Pflegestufeneinteilung
Für alle Formen der Pflege entstehen Kosten. Diese müssen Sie als Familie oder Betroffener nicht alleine tragen. Die Pflegekassen übernehmen hiervon einen Teil. Wie hoch dieser Beitrag ist, hängt von der Pflegestufe ab. Nachfolgend erhalten Sie einen Überblick über die verschiedenen Pflegestufen, sowie die Voraussetzungen dieser.
Pflegebedürftige
Pflegebedürftig im Sinne der sozialen Pflegeversicherung sind Personen, die wegen einer körperlichen, geistigen oder seelischen Krankheit oder Behinderung bei gewöhnlichen und regelmäßig wiederkehrenden Verrichtungen im Ablauf des täglichen Lebens auf Dauer, voraussichtlich für mindestens sechs Monate, in erheblichem oder höherem Maße der Hilfe bedürfen.
Pflegestufe I: erhebliche Pflegebedürftigkeit
In Pflegestufe I fallen Personen, die bei wenigstens zwei Verrichtungen aus den Bereichen Körperpflege, Ernährung oder Mobilität(Grundpflege) mindestens einmal täglich Hilfe benötigen. Ebenso muss ein Hilfebedarf bei der Hauswirtschaft mehrfach die Woche bestehen. Der wöchentliche Zeitaufwand muss im Tagesdurchschnitt mindestens 90 Minuten betragen, wobei auf die Grundpflege 45 Minuten entfallen müssen.

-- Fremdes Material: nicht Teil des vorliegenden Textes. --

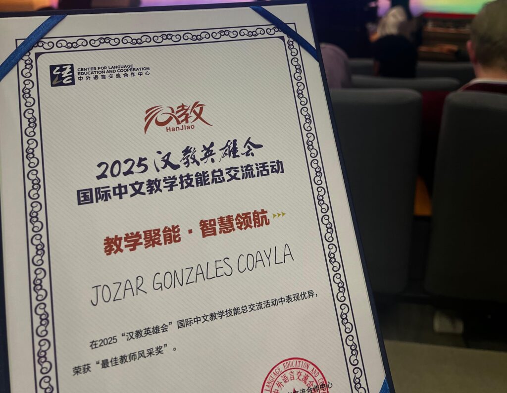 La participación del docente se dio en el marco del International Chinese Teaching Skills Exchange Activity (Han Teaching Heroes’ Gathering), evento organizado por el Center for Language Education and Cooperation (CLEC), que reunió a profesores de distintos países con el objetivo de promover el intercambio de experiencias y buenas prácticas en la enseñanza del chino como lengua extranjera.

Pflegestufe II: Schwerpflegebedürftigkeit
Hier muss ein Hilfebedarf von min. dreimal täglich zu verschiedenen Tageszeiten aus dem Bereich Körperpflege, Ernährung und Mobilität (Grundpflege), sowie mehrfach in der Woche Hilfe bei der Hauswirtschaft bestehen. Der wöchentliche Zeitaufwand muss im Tagesdurchschnitt mindestens 3 Stunden betragen, wobei auf die Grundpflege 2 Stunden entfallen müssen.
Pflegestufe III: Schwerstpflegedürftig
Hilfebedarf besteht hier rund um die Uhr, auch nachts, aus dem Bereich der Körperpflege, Ernährung und Mobilität, sowie mehrfach in der Woche Hilfe bei der Hauswirtschaft. Der wöchentliche Zeitaufwand muss im Tagesdurchschnitt mindestens 5 Stunden betragen, wobei auf die Grundpflege 4 Stunden entfallen müssen. Das Besondere der Pflegestufe III liegt im mehrmaligen Hilfebedarf bei Nacht (zw. 22:00 – und 06:00 Uhr).
Härtefallregelung: Außergewöhnlich hoher Pflegebedarf
Die Härtefallregelung ist eine Sonderform. Nur Pflegebedürftige, die bereits in Pflegestufe III eingestuft sind, können als Härtefall anerkannt werden.
Hier besteht ein Pflegebedarf bei der Körperpflege, der Ernährung oder der Mobilität von min. sechs Stunden täglich, davon min. dreimal in der Nacht.
Bei Pflegebedürftigen in vollstationären Pflegeeinrichtungen ist auch die Dauer der bestehenden medizinischen Behandlungspflege zu berücksichtigen.
Bei Pflegebedürftigen, die zuhause gepflegt werden, zählt als Voraussetzung, dass die Grundpflege auch des Nachts nur von mehreren Pflegekräften gemeinsam (zeitlich) erbracht werden kann. Das zeitgleiche Erbringen der Grundpflege des Nachts durch mehrere Pflegekräfte erfordert, dass wenigsten bei einer Verrichtung tagsüber und Nachts neben einer professionellen Pflegekraft mind. eine weitere Pflegeperson, die nicht bei einem Pflegedienst beschäftigt sein muss (z. B. Angehörige) tätig werden muss.